I apologize for my delay in the latest in my Lenten series on Islam. I am concurrently doing a bible study at my parish on a completely different topic, which has required more prep work that I was expecting. As such, my research for this blog series has remained in my head and not written down.
In any event, I thought for this post I would go in a bit of a different direction. I have another topic on Islam and Jesus that is in the hopper, but I am going to have to whittle it down, as it is way too long. That topic could be a mini-series unto itself. Keeping with the general Catholic buzzword for the year of mercy, I thought it might be interesting to discuss the issue of the Sanctity of Life in both Islam and Christianity.
This topic may stretch you a bit, if all you know of Muslims are the crazy people who blow themselves up in the Intifada against Israel or something. Personally, I think Palestinians do their cause a disservice by engaging in suicide bombings because for most of the West, this is morally evil and, at the very least, distasteful, to ethical and moral thinking.

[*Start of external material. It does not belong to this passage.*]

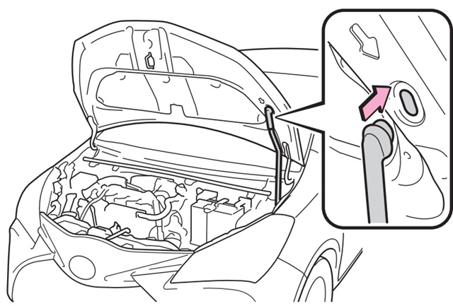 ↓ ボンネットを固定するロッドを起こして所定の位置に差し込んでボンネットを固定します。

It may surprise you to learn that the Qu'ran actually has some very pointed things to say on the subject that I do not think is largely contrary to the teachings of Christ. For example:
"...if anyone kills a person-unless in retribution for murder or speading corruption in the land-it is as if he kills all mankind, while if any saves a life it is as if he saves the lives of mankind. (5:32)"
"do not take the life God has made sacred, except by right. This is what He commands you to do: Perhaps you will use your reason (6:151)."
Muhammad, who Muslims revere as God's final messenger to humans, listed murder as one of the major sins. He warned that the first cases to be settled between people on the Day of Judgment will be those of bloodshed. Muslims are even prohibited from indiscriminately harming animals, and have been taught that there is a reward in kindness to every living thing-animal or human.
Islamd encourages people to bring about benefit and good for others in every way possible. In the Qu'ran, God praises those who have given preference to others over themselves (59:9) and that "God constantly helps the one who helps his brother" and even that "a smile or kind word is charity." There is in Islamic moral teaching a particular emphasis on helping the downtrodden of society, especially orphans, the poor, and the needy. Muslims are taught over and over in the Qu'ran to build and not to cause harm or destruction.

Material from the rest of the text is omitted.